EXERCISE PROMPT. None of the pictures should be copied, though every line of the listing must be printed exactly.

RECORDS FOR THIS TASK section start

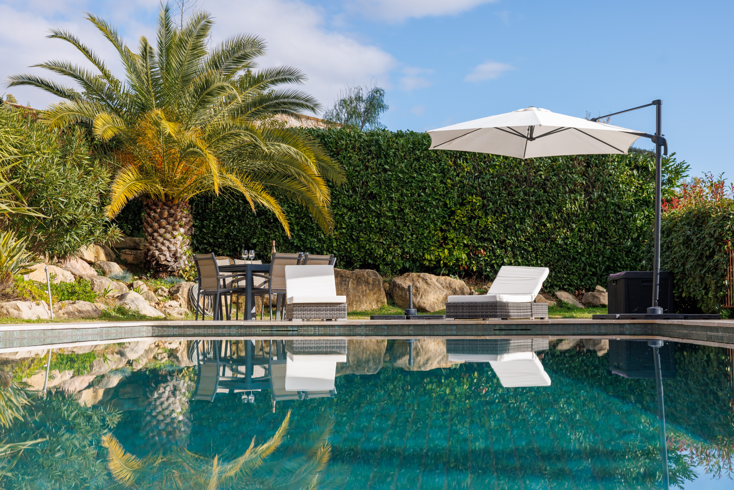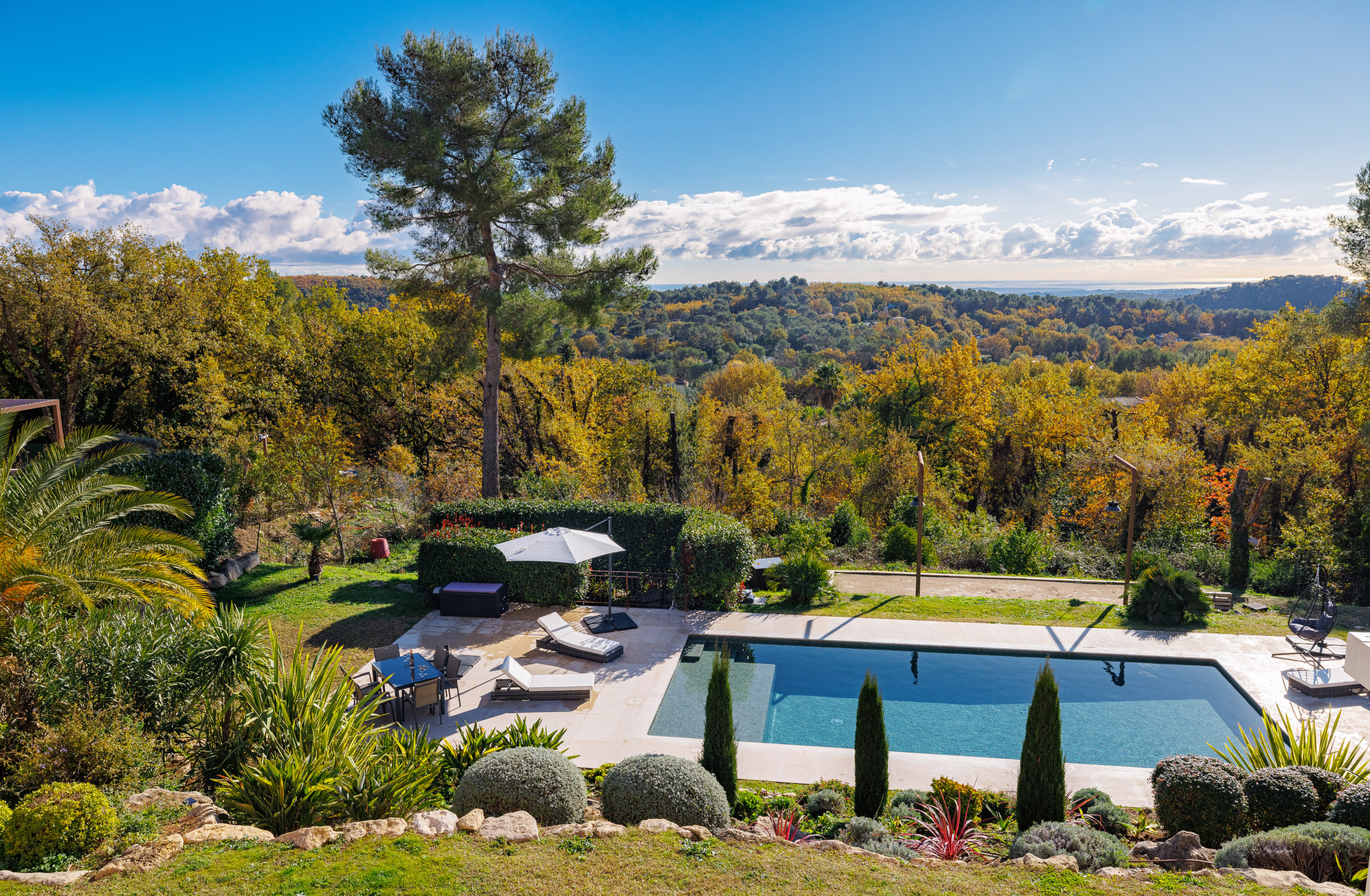 With its calm atmosphere, far-reaching sea view and generous outdoor spaces, Villa du Roucasset is a place made for summer — a true Côte d’Azur holiday home, inviting, sun-filled and wonderfully relaxing.
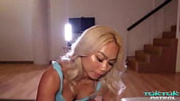 A Thai girl on TukTukPatrol encircles a large foreign cock with her legs.
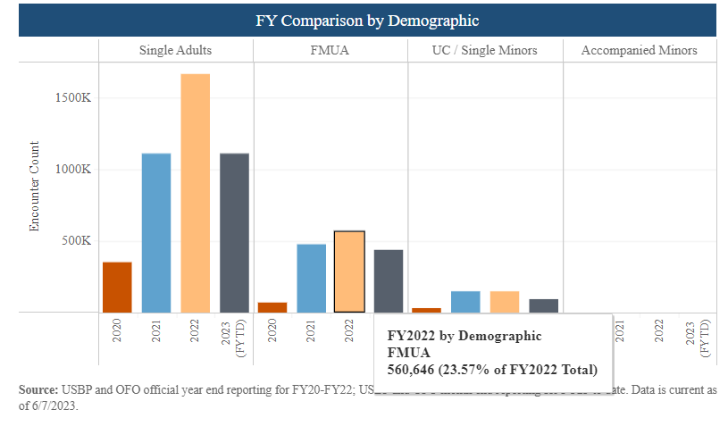 According to the US Customs & Border Patrol data, the number of migrants categorized as family units, or FMUA, was 560,646 — 23.57% of total encounters for that year. To be categorized as a family unit, you must have minor children with you. The obvious question, then, is how many of those 560,646 individuals in family units were children?
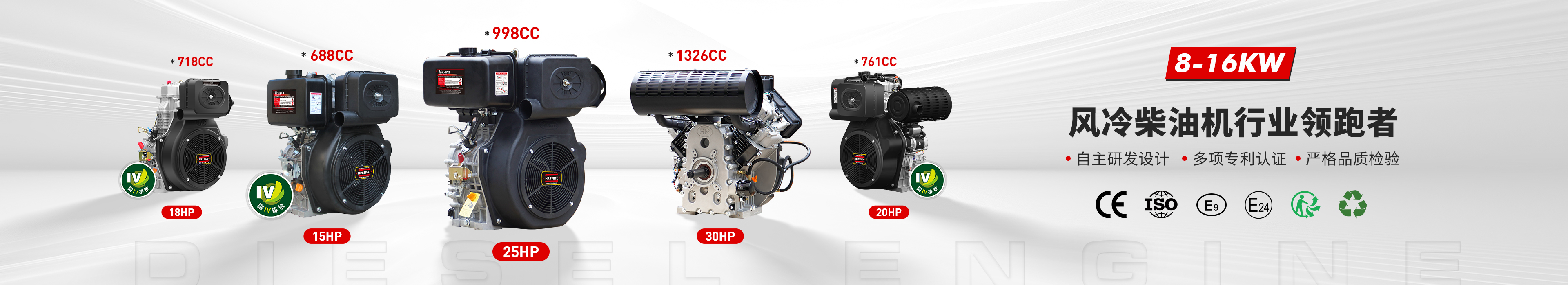 公司主營產品包括風冷柴油動力、風冷/水冷柴油發電機組、汽油/柴油水泵機組、小型農用機械和道路機械設備等,可廣泛應用于多個行業:民用、公用、商業、電站、基站、軍工等。公司研發了具有自主知識產權的單缸風冷動力(198FA排量為633CC 1102F排量為718CC,雙缸風冷發電機組2V98F排量為1326CC公司先后獲得發明、實用新型、外觀設計證書,共計68
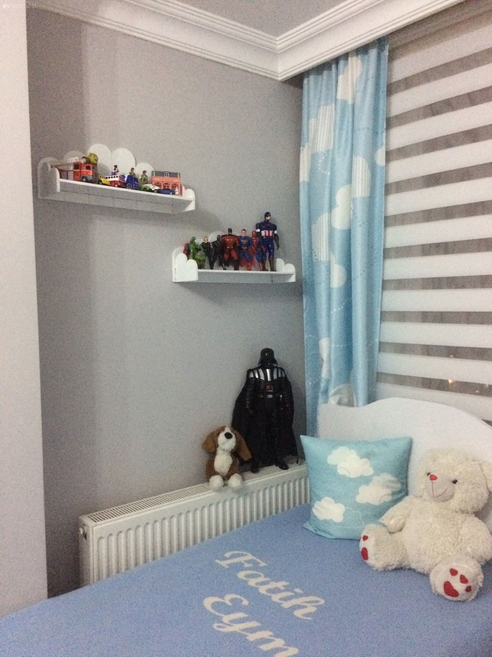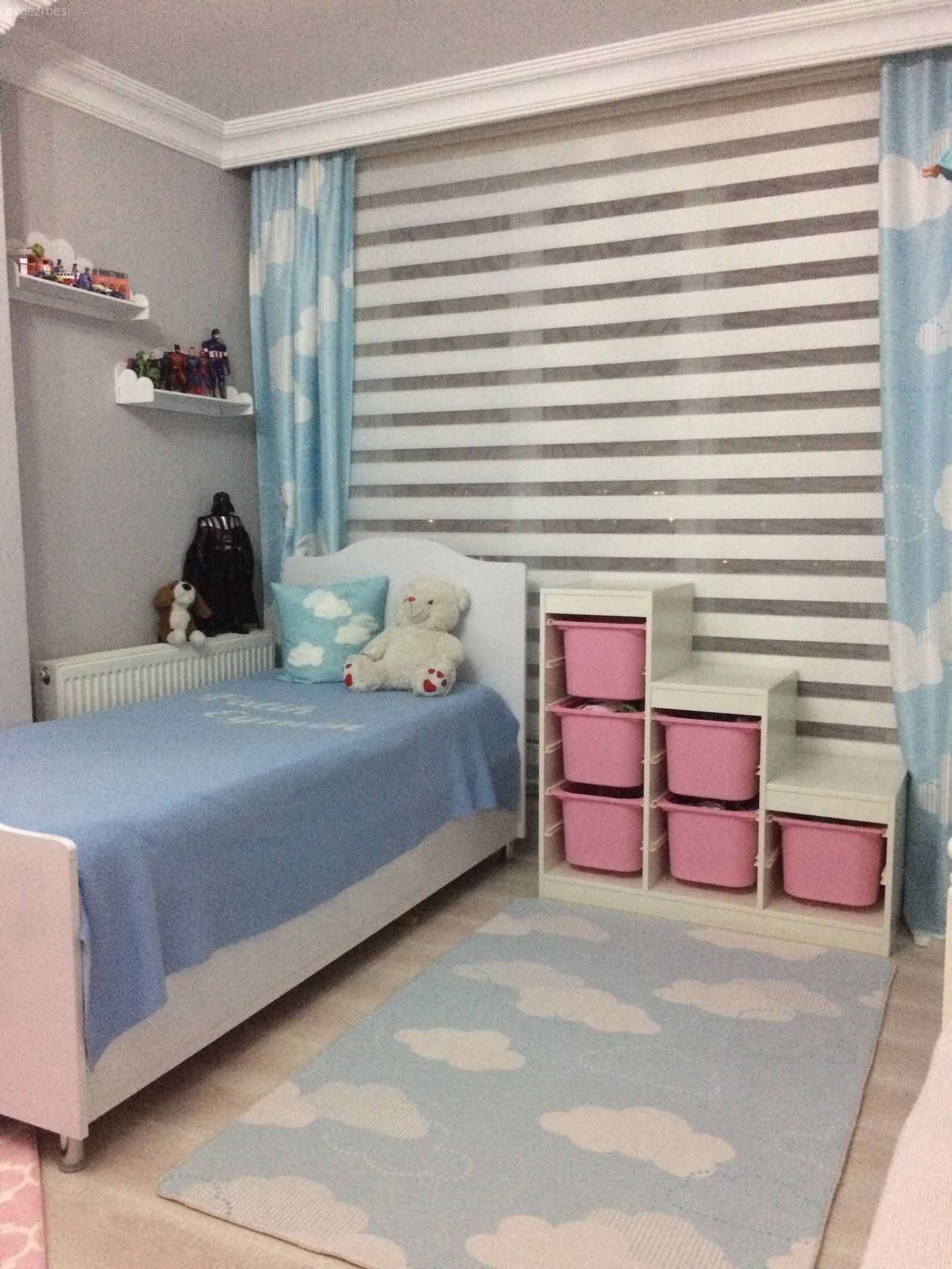 Ben çok beğendim hanımefendi ,bende bu ara 2 oğluma oda yapım aşamasındayım ,eksiklerim tamamlanmadı Hala,bitince burda paylaşacağım ,ben sepetli dolabı nerden aldığınızı sormak istiyorum,oğlunuzu yatağı baza mı karyola mı ,özem yapım mı ,fonlar ben halının uyumuna bayıldım güzel bi fikir Benin için ,onlar nerden aldınız caba
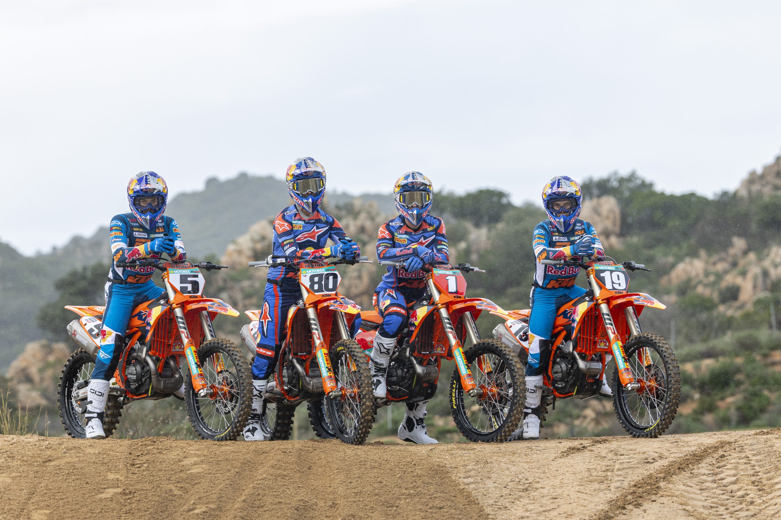 Four riders and two KTM 450 SX-Fs and two KTM 250 SX-Fs will form the factory roster in the 2026 MXGP and MX2 classes of the world championship this year: a contest that starts on 7-8 of March in Bariloche, Argentina and runs for a total of 20 events through 18 countries until 19-20 September in Australia.
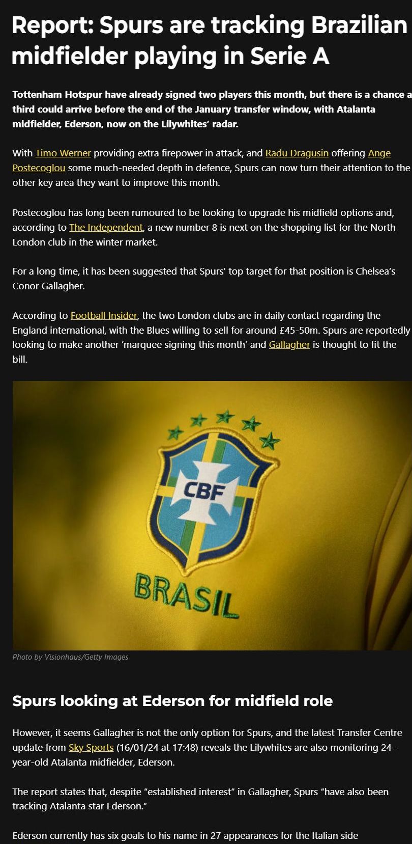 Se ne parla specie sui siti che seguono il Tottenham e il Newcastle, due clubs dalla potenza di fuoco importante (soldi) e che vi riportiamo qui sotto.
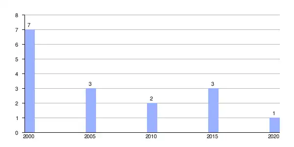 Gráfica de evolución demográfica de Busto entre 2000 y 2020
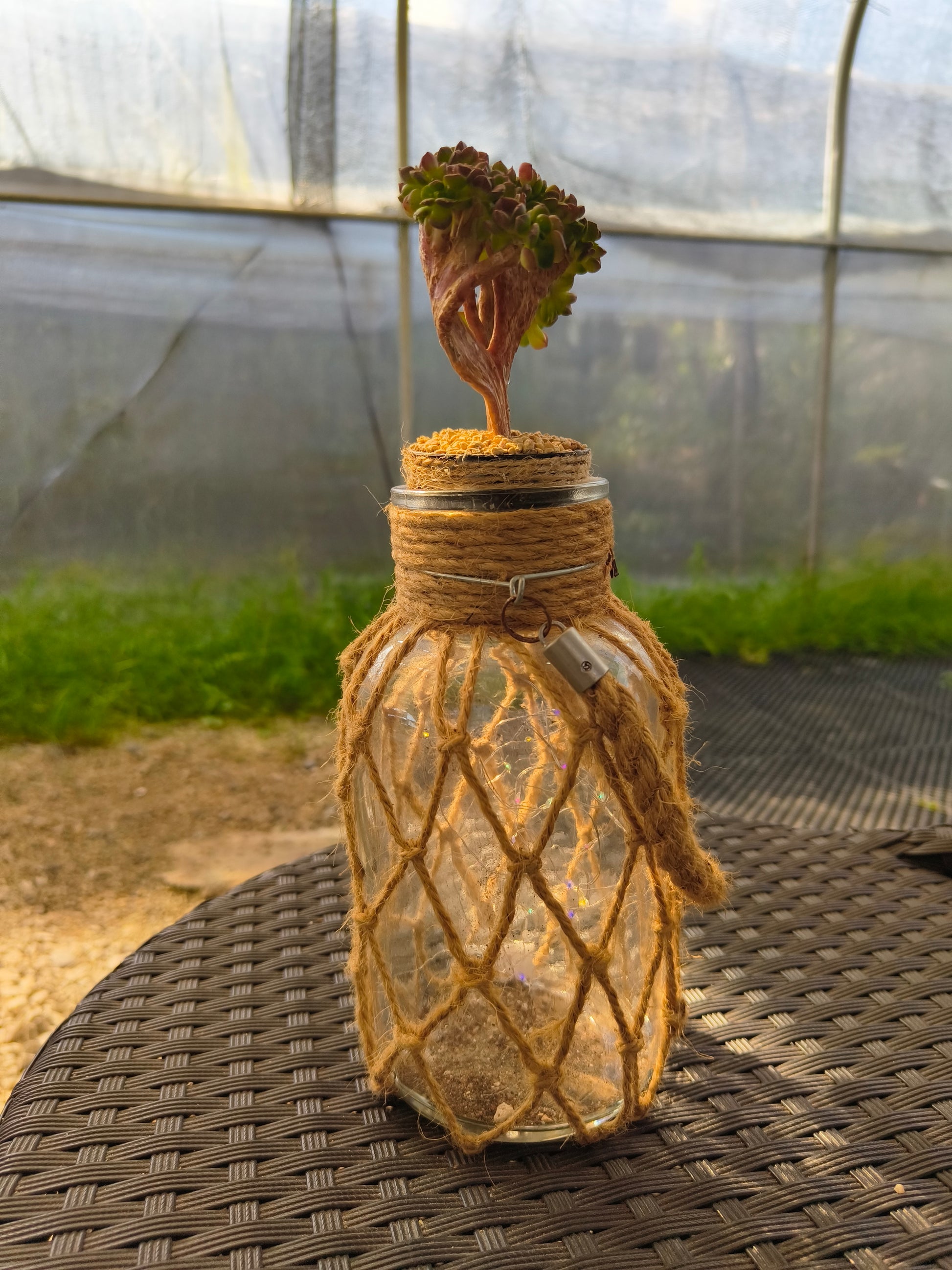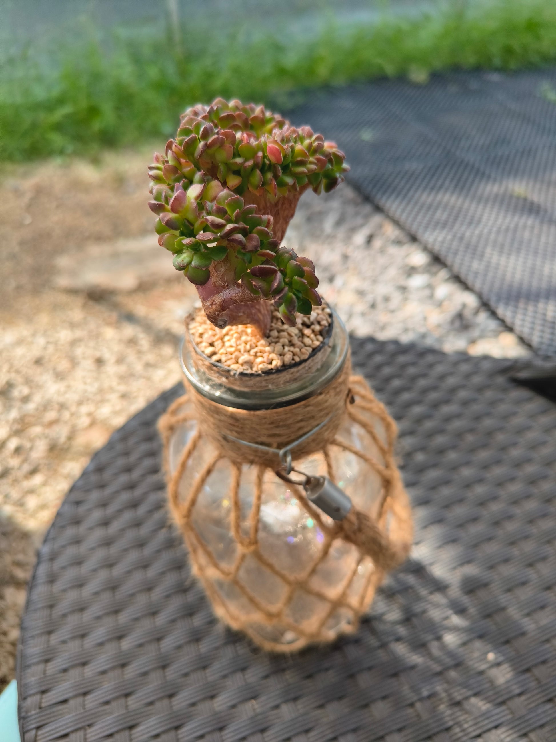 Succulent Retro Hemp Rope Vase - Sedeveria 'Letizia' crista

RECORDS FOR THIS TASK section end

EXERCISE RESPONSE.
 With its calm atmosphere, far-reaching sea view and generous outdoor spaces, Villa du Roucasset is a place made for summer — a true Côte d’Azur holiday home, inviting, sun-filled and wonderfully relaxing.
 A Thai girl on TukTukPatrol encircles a large foreign cock with her legs.
 According to the US Customs & Border Patrol data, the number of migrants categorized as family units, or FMUA, was 560,646 — 23.57% of total encounters for that year. To be categorized as a family unit, you must have minor children with you. The obvious question, then, is how many of those 560,646 individuals in family units were children?
 公司主營產品包括風冷柴油動力、風冷/水冷柴油發電機組、汽油/柴油水泵機組、小型農用機械和道路機械設備等,可廣泛應用于多個行業:民用、公用、商業、電站、基站、軍工等。公司研發了具有自主知識產權的單缸風冷動力(198FA排量為633CC 1102F排量為718CC,雙缸風冷發電機組2V98F排量為1326CC公司先后獲得發明、實用新型、外觀設計證書,共計68
 Ben çok beğendim hanımefendi ,bende bu ara 2 oğluma oda yapım aşamasındayım ,eksiklerim tamamlanmadı Hala,bitince burda paylaşacağım ,ben sepetli dolabı nerden aldığınızı sormak istiyorum,oğlunuzu yatağı baza mı karyola mı ,özem yapım mı ,fonlar ben halının uyumuna bayıldım güzel bi fikir Benin için ,onlar nerden aldınız caba
 Four riders and two KTM 450 SX-Fs and two KTM 250 SX-Fs will form the factory roster in the 2026 MXGP and MX2 classes of the world championship this year: a contest that starts on 7-8 of March in Bariloche, Argentina and runs for a total of 20 events through 18 countries until 19-20 September in Australia.
 Se ne parla specie sui siti che seguono il Tottenham e il Newcastle, due clubs dalla potenza di fuoco importante (soldi) e che vi riportiamo qui sotto.
 Gráfica de evolución demográfica de Busto entre 2000 y 2020
 Succulent Retro Hemp Rope Vase - Sedeveria 'Letizia' crista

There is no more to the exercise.